In malga è tutto pieno, c’è gran traffico di sciatori.
Scorgo barlumi di spazio a due tavoli quadrati addossati, occupati entrambi da due persone. Mi avvicino e chiedo se possiamo starci anche noi, un adulto e un bambino.
Mi viene spontaneo, senza pensarci, un po’ come quando nei sentieri in quota incroci sconosciuti, li saluti e spesso attacchi brevi scambi su distanze, meteo e suggestioni del luogo. Sarà forse perché lassù bisogna decidere di arrivarci e arrivarci costa qualche fatica, e questo fa già una certa selezione e, insomma, come dire? ci si trova tra persone che hanno qualcosa in comune.
Perciò mi coglie di sorpresa la reazione infastidita ed ostile dello sciatore seduto al tavolo. Gli dico “Se è un problema andiamo da un’altra parte” e lui, visibilmente contrariato e rigidamente arroccato, “Be’, noi dobbiamo mangiare! Se riuscite a starci lì…”, indicando un remoto angolino.
D’istinto mi verrebbero un’espressione colorita ed una teatrale dipartita, invece mi sforzo di restare in modalità montagna: in nome della pacifica convivenza tra i popoli, unita all’oggettiva necessità di ristoro, ci adattiamo al remoto angolino.

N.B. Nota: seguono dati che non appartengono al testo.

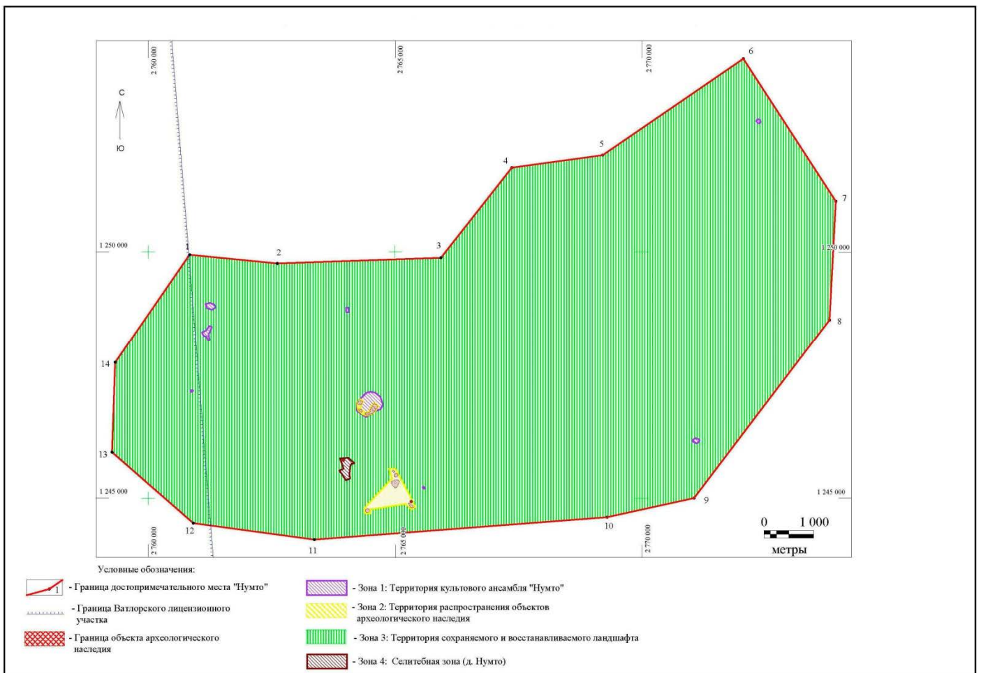
Схема границ территории объекта культурного наследия регионального значения достопримечательное место «Нумто»
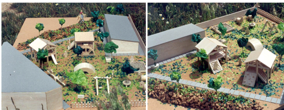
Figuras 19 e 20 - Maquetes das alterações dos recreios escolares
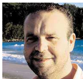
Radovan Krejčíř

Radovan Krejčíř si podplácením politiků chtěl zajistit úspěch při azylovém řízení.
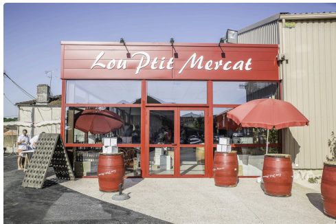
La façade de "Lou Ptit Mercat"
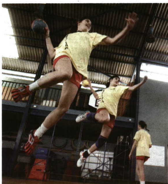
Equipa feminina tem treinado arduamente, para obter a melhor classificação

As escolas estão ligadas a este evento de forma directa e como exemplo do que foi feito pelos alunos da região destaca-se a página da internet, os guias, os secretariados, instalação de infraestrutura de rede informática, a transmis-
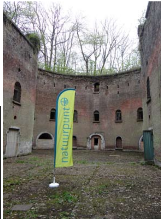
Fort 8

Niet-leden betalen 5 euro. Maar: in het kader van de grote zomerledenwervingscampagne kan je ook lid worden van Natuurpunt voor 24 euro. Je bent dan lid tot einde 2015. EN: je kan GRATIS deelnemen aan de grote happening op zondag 28 september met o.a. boottochten op de Schelde, een waaier aan toffe (gezinsvriendelijke) activiteiten op het Steenplein en in de Hob. Polder.
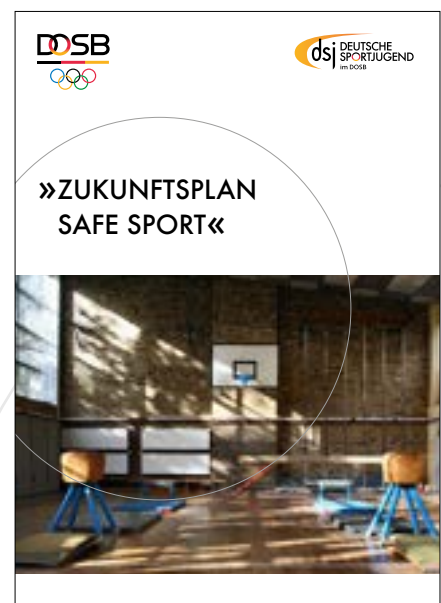
Zukunftsplan Safe Sport
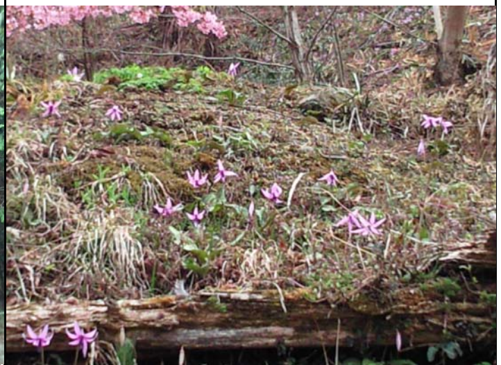
カタクリが一面に広がっていました

Il resto è normale condivisione di spazi in malga, più un paio di domande:
1) chissà se a livello del mare avrei chiesto di sedermi ad un tavolo già occupato, e chissà come avrei reagito io ad una tale richiesta;
2) se un migliaio di metri in verticale fanno questo effetto, figurarsi i chilometri in orizzontale.